# WORK ITEM:
The goal is a clean copy of all the data below, with pictures dropped and everything else retyped exactly.

# DATA SEGMENT:

====

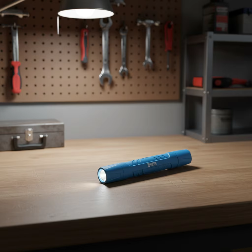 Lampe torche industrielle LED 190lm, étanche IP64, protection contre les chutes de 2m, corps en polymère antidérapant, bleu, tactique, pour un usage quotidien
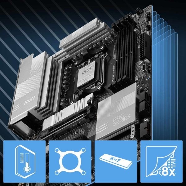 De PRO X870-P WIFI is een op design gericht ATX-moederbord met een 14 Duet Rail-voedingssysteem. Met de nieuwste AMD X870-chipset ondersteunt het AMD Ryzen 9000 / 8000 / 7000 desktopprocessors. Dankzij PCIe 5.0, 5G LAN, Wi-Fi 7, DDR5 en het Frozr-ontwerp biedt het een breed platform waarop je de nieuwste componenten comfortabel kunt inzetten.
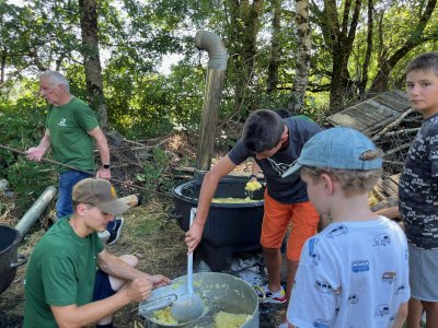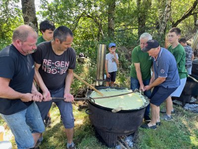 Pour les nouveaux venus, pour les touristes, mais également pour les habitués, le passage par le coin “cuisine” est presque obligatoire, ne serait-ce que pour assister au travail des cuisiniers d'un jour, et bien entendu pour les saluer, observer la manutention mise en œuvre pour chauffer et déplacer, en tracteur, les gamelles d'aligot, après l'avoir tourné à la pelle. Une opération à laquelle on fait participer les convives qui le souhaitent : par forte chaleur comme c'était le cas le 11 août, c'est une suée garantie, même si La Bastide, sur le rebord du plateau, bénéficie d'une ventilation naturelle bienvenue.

====

# EXERCISE OUTPUT:
 Lampe torche industrielle LED 190lm, étanche IP64, protection contre les chutes de 2m, corps en polymère antidérapant, bleu, tactique, pour un usage quotidien
 De PRO X870-P WIFI is een op design gericht ATX-moederbord met een 14 Duet Rail-voedingssysteem. Met de nieuwste AMD X870-chipset ondersteunt het AMD Ryzen 9000 / 8000 / 7000 desktopprocessors. Dankzij PCIe 5.0, 5G LAN, Wi-Fi 7, DDR5 en het Frozr-ontwerp biedt het een breed platform waarop je de nieuwste componenten comfortabel kunt inzetten.
 Pour les nouveaux venus, pour les touristes, mais également pour les habitués, le passage par le coin “cuisine” est presque obligatoire, ne serait-ce que pour assister au travail des cuisiniers d'un jour, et bien entendu pour les saluer, observer la manutention mise en œuvre pour chauffer et déplacer, en tracteur, les gamelles d'aligot, après l'avoir tourné à la pelle. Une opération à laquelle on fait participer les convives qui le souhaitent : par forte chaleur comme c'était le cas le 11 août, c'est une suée garantie, même si La Bastide, sur le rebord du plateau, bénéficie d'une ventilation naturelle bienvenue.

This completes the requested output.